Em vez de sempre ter que experimentar a dor em nós mesmos, podemos simplesmente pensar sobre isso quando ouvimos relatos de outras pessoas – e isso funciona muito bem. Então, você sabia que poderia usar a sua imaginação para ajudar a evitar lesões graves? (Meu pai não sabia). Como você pode imaginar, é uma grande mudança de paradigma para muitos gerentes e profissionais de segurança que não conseguem entender por que estamos perdendo tempo fazendo os trabalhadores contarem histórias sobre seus ferimentos acidentais graves e a dor/inconveniência que causaram. Estas são geralmente as mesmas pessoas que ainda voltam ao paradigma dos “riscos e custos irrecuperáveis”. Então, para elas, há algumas boas notícias, porque usar a sua imaginação não custa dinheiro.

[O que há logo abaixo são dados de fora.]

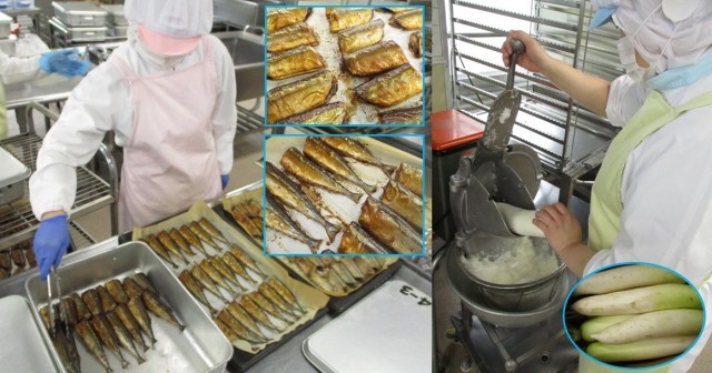 大根(北海道)・キャベツ(群馬)・人参(北海道)・玉ねぎ(北海道)・長ねぎ(秋田)・ひよこ豆(アメリカ)・油揚げ(愛知・佐賀)・さんま(北海道)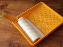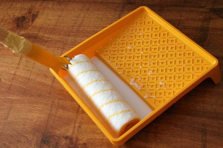 - Le mélange est versé dans un récipient en plastique. Le rouleau est revêtu avec l'outil, puis plusieurs mouvements sont effectués sur la surface nervurée de la palette pour éliminer l'excès de matériau de l'outil.

Em resumo, existem quatro Técnicas de Redução de Erros Críticos para lidar com as lesões na Área Pessoal (mais de 95%). Estas técnicas são apoiadas pela neurociência, o que prova, entre outras coisas, o por que você tem que investir um pouco de tempo e esforço nas quatro TREC. Assim como abrir caminho na mata, uma grande quantidade de repetições é a chave para construir o caminho neural, também para mantê-lo a fim de que não se desgaste ou desapareça. Assim como um instrumento musical que você não toca sempre ou um idioma que você não fala há muito tempo, estes caminhos neurais também vão se enfraquecendo se você não continuar a usá-los. Podemos aprender muito com a neurociência. Especialmente no que se refere à complacência, aos hábitos e à forma como a pressa e a frustração podem sobrepor-se aos bons hábitos.